[Work required]
Say nothing but the number of lines below in which the string "State" appears.

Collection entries
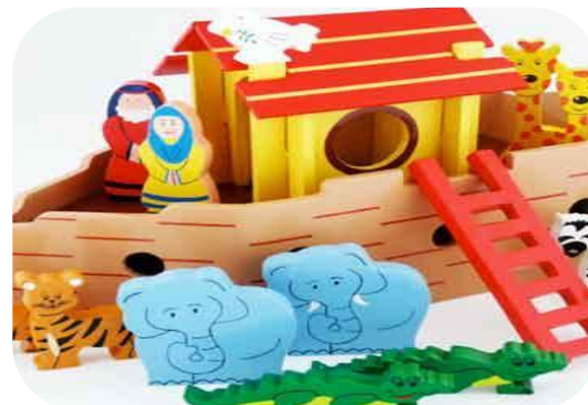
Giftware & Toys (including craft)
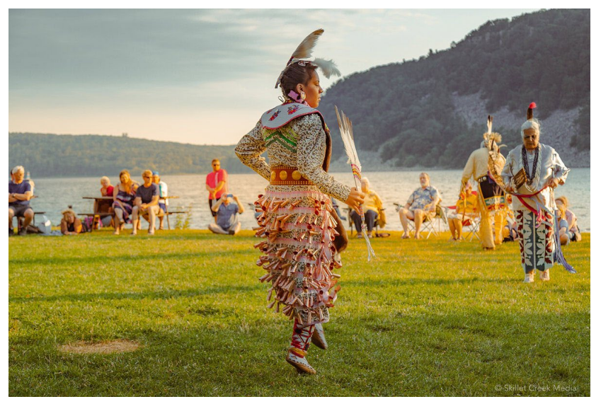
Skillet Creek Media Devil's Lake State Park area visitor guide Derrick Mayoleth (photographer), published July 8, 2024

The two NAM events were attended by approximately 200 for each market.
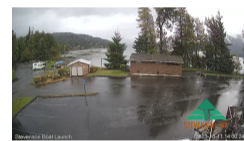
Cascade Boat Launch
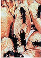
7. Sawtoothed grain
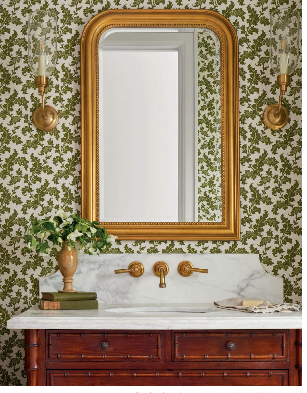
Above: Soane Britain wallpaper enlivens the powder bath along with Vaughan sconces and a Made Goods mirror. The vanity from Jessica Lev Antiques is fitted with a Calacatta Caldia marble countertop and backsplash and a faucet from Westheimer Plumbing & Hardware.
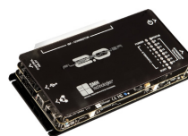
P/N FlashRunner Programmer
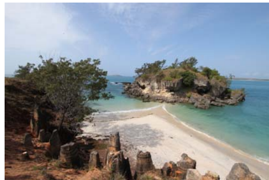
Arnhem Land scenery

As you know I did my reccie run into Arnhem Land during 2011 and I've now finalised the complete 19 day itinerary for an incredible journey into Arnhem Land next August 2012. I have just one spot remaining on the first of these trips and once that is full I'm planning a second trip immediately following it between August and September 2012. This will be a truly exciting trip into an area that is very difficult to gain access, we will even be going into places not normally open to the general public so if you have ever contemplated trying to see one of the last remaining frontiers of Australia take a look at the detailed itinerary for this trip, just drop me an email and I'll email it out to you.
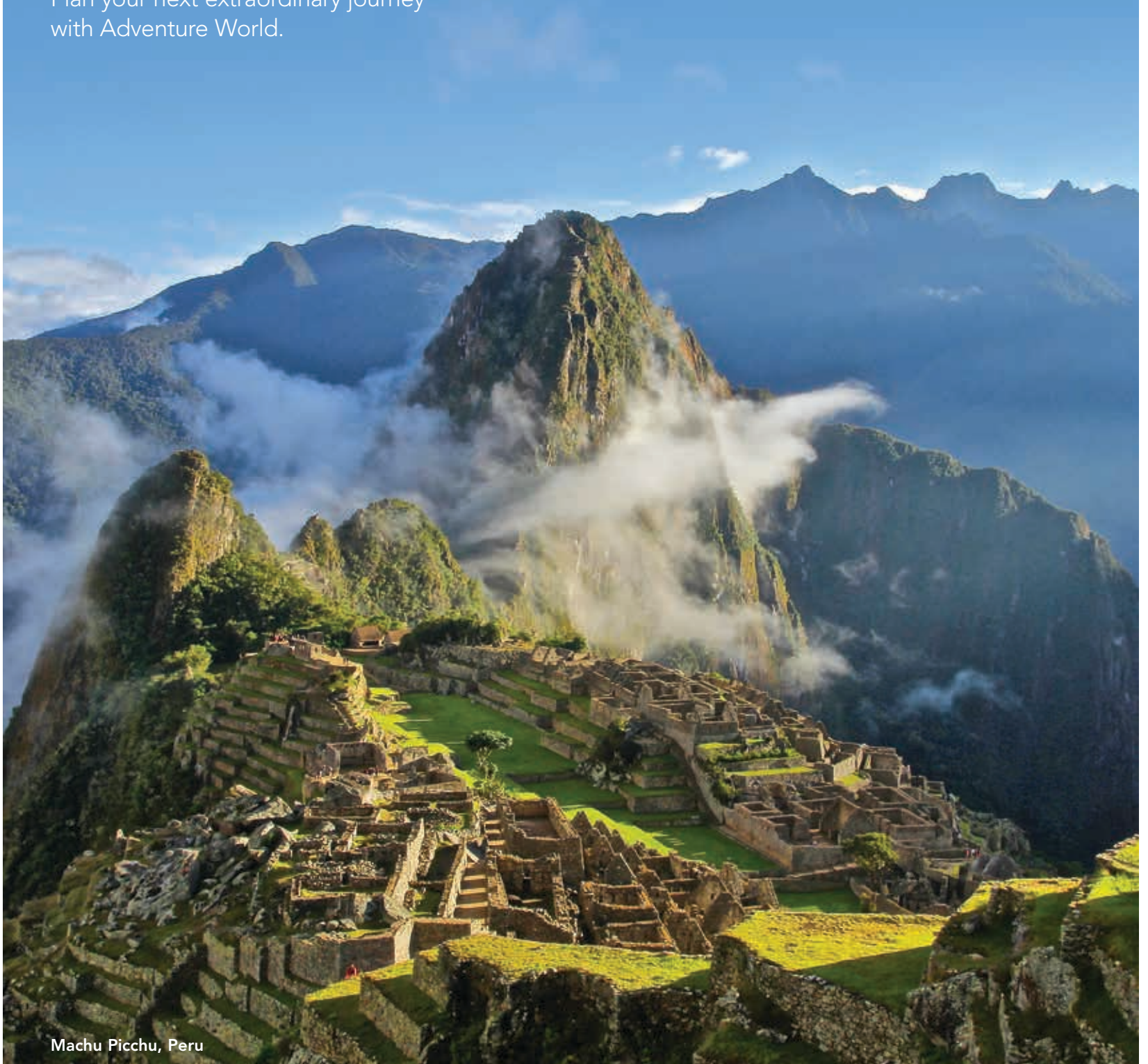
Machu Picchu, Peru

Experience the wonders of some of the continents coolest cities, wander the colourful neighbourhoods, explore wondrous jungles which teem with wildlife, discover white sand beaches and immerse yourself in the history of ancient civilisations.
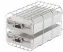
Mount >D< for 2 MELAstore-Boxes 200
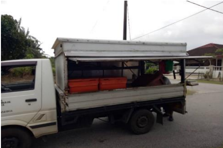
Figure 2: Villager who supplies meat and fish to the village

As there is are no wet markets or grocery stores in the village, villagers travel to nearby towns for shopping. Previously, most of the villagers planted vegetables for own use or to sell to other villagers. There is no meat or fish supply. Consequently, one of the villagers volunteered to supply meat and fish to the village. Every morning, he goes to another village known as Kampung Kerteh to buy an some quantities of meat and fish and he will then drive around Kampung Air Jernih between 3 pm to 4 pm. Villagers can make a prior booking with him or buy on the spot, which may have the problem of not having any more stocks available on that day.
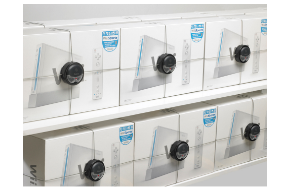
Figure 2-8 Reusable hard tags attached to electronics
--
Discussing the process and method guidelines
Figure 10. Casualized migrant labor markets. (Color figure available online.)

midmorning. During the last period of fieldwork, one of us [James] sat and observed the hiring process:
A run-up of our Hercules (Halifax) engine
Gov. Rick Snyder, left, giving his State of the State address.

[Output of the exercise]
2